How can medical cannabis be taken? Medical cannabis can come in a wide variety of formats. At Helius, we’re making soft gel capsules, sublingual drops, topical gels and vaporisers. Most of these are typical medical formats, designed to provide a consistent, measured dose for consumers. 

What is one of the most widely-believed misconceptions surrounding medical cannabis? That all cannabis products get you high. You don’t need to get high, to get healthy. CBD is completely nonintoxicating. THC can make a consumer feel ‘high’, but this effect is largely counteracted when present with equal amounts with CBD.

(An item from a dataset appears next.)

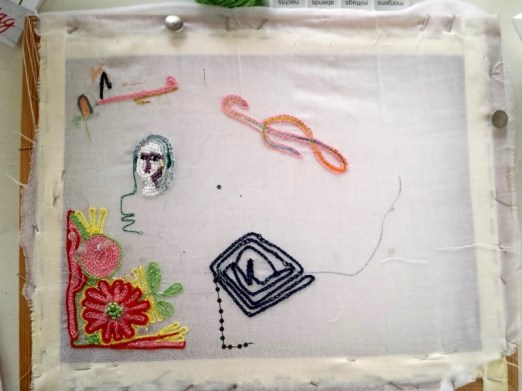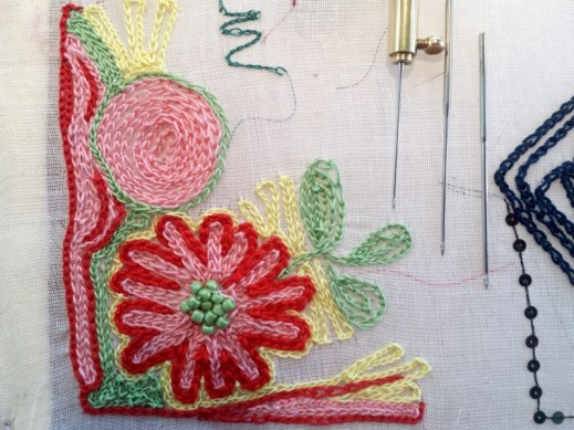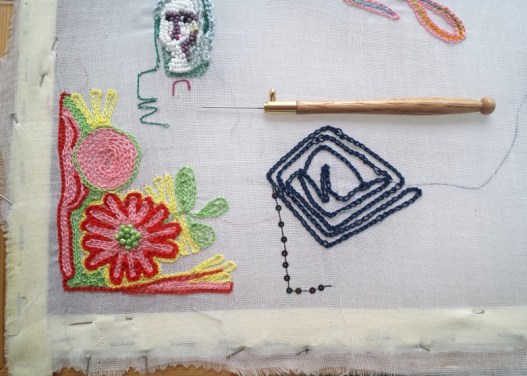 Links auf dem Tisch seht ihr ein Stück liegen, das ich schon vorher mit der Hand bestickt hatte – das dauerte ebenso lang wie mit der Tambournadel und war befriedigender, weil es störungsfreier voranging.

Are there any other myths that you can clear up? You might hear people say medical cannabis hasn’t been well-studied. This isn’t the case at all — there are hundreds of peer-reviewed studies now published. New research is being undertaken every day. Do we want to see more research? Very much so, but cannabis is exceedingly safe and there is sufficient evidence for its use in treating many conditions and symptoms. 

What is the current legal status of CBD in New Zealand? New Zealand’s Misuse of Drugs (Medicinal Cannabis) Bill passed in December last year and is now an Act. Since then, CBD is no longer a controlled drug. It’s a prescription medicine under the Medicines Act 1981. As with all prescription medicines, patients must have a script from their doctor to import or use CBD products. If you are interested in using CBD for pain, sleep, anxiety or any other condition, you should talk to your doctor.